### REQUIRED ACTION
In this exercise, return the whole listing exactly, excluding any images.

### DATA PROVIDED
=== Begin Enclosure ===

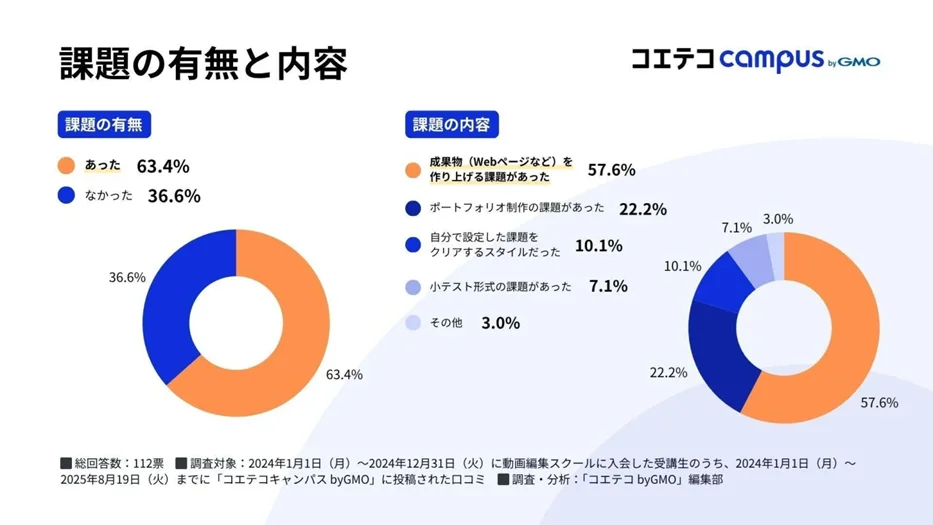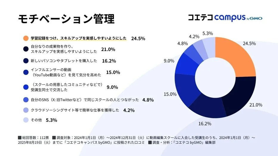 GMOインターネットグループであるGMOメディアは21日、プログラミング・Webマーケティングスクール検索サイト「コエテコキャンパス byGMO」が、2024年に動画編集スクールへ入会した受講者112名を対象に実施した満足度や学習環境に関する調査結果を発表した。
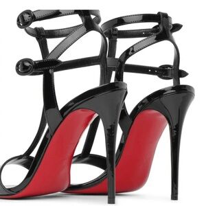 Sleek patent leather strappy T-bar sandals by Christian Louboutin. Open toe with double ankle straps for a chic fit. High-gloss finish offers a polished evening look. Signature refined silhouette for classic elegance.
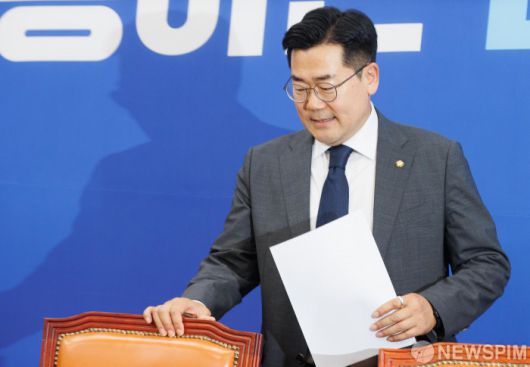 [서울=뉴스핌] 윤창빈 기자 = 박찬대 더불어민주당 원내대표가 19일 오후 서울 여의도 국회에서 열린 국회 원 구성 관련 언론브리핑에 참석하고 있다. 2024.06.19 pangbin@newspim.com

=== End Enclosure ===

### EXERCISE RESULT
 GMOインターネットグループであるGMOメディアは21日、プログラミング・Webマーケティングスクール検索サイト「コエテコキャンパス byGMO」が、2024年に動画編集スクールへ入会した受講者112名を対象に実施した満足度や学習環境に関する調査結果を発表した。
 Sleek patent leather strappy T-bar sandals by Christian Louboutin. Open toe with double ankle straps for a chic fit. High-gloss finish offers a polished evening look. Signature refined silhouette for classic elegance.
 [서울=뉴스핌] 윤창빈 기자 = 박찬대 더불어민주당 원내대표가 19일 오후 서울 여의도 국회에서 열린 국회 원 구성 관련 언론브리핑에 참석하고 있다. 2024.06.19 pangbin@newspim.com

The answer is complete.